Badhan Das, Lenwood S. Heath

TL;DR
This paper introduces a new framework to model how SARS-CoV-2 variants evolve, using a graph-based approach that captures complex evolutionary patterns and transmission pathways.
Contribution
The novel Variant Evolution Graph (VEG) framework models viral evolution with multiple ancestral pathways and identifies key evolutionary patterns like recombination and hotspots.
Findings
The VEG framework reveals evolutionary patterns such as recombination events and mutation hotspots.
The Disease Transmission Network (DTN) derived from VEG helps infer transmission pathways and super-spreaders.
VEG is computationally efficient compared to traditional phylogenetic methods like Maximum Likelihood.
Abstract
The SARS-CoV-2 virus has undergone extensive mutations over time, resulting in considerable genetic diversity among circulating strains.

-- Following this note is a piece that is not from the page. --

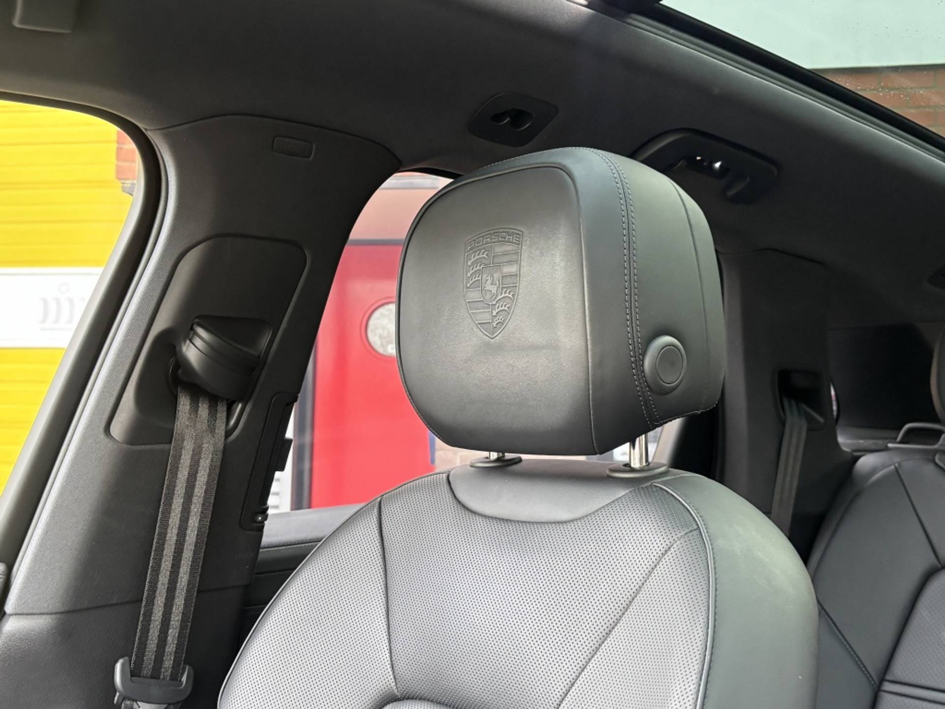 Porsche logo's op de hoofdsteunen
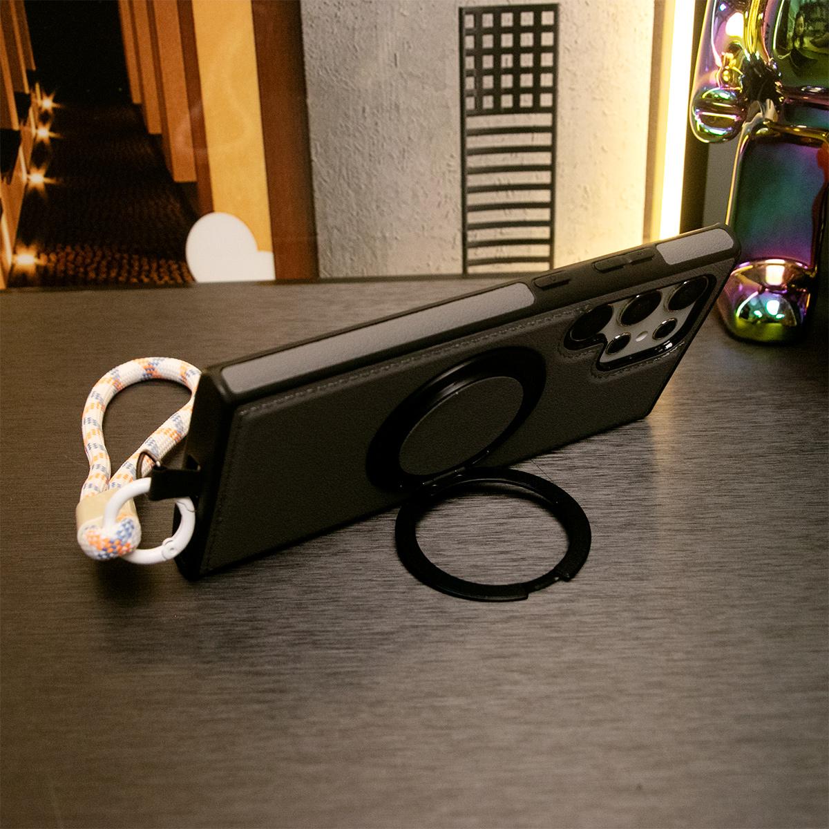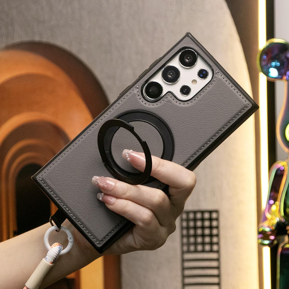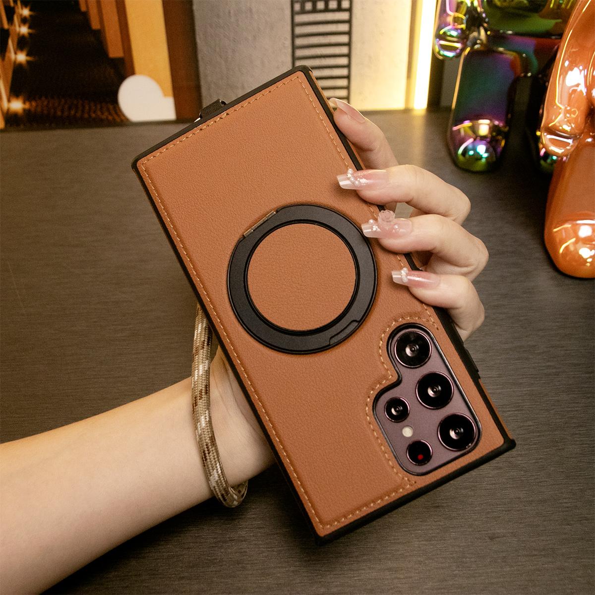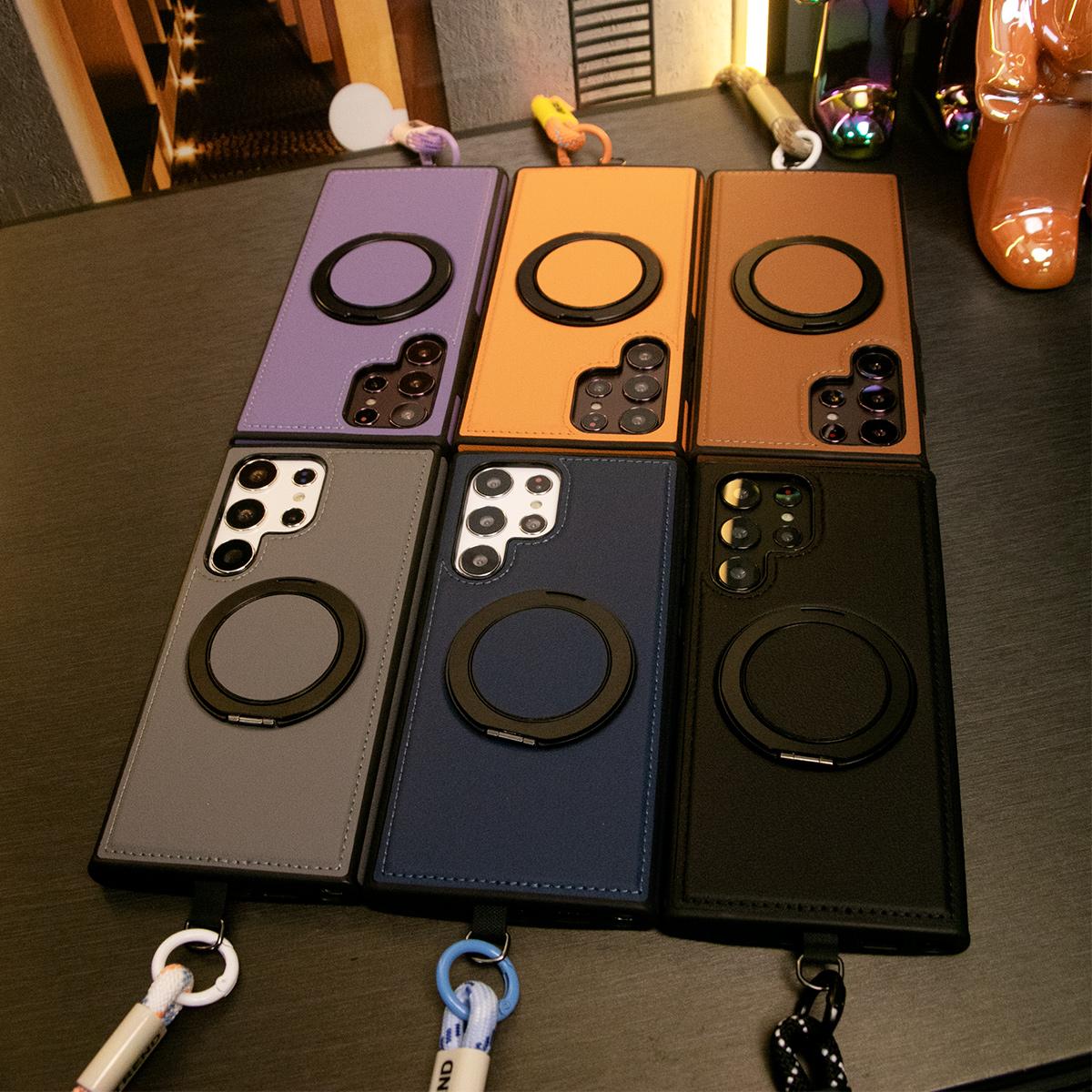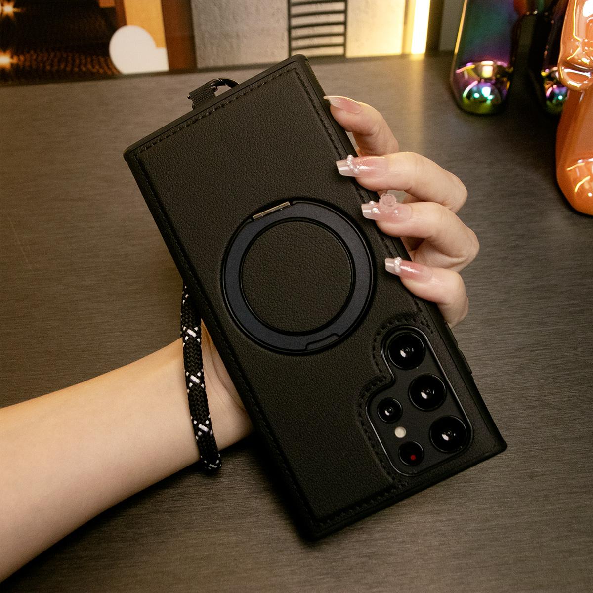 Luxury Full Leather Phone Case With Short Wristband For Magsafe Samsung S24 Ultra S23 S22 Ultra Plus Magnetic Rotate Metal Holder Stand Back Cover

This diversity directly affects important viral characteristics, such as transmissibility and disease severity. During a viral outbreak, the rapid mutation rate produces a large cloud of variants, referred to as a viral quasispecies. However, many variants are lost due to the bottleneck of transmission and survival. Advances in next-generation sequencing have enabled continuous and cost-effective monitoring of viral genomes, but constructing reliable phylogenetic trees from the vast collection of sequences in GISAID (the Global Initiative on Sharing All Influenza Data) presents significant challenges. We introduce a novel graph-based framework inspired by quasispecies theory, the Variant Evolution Graph (VEG), to model viral evolution. Unlike…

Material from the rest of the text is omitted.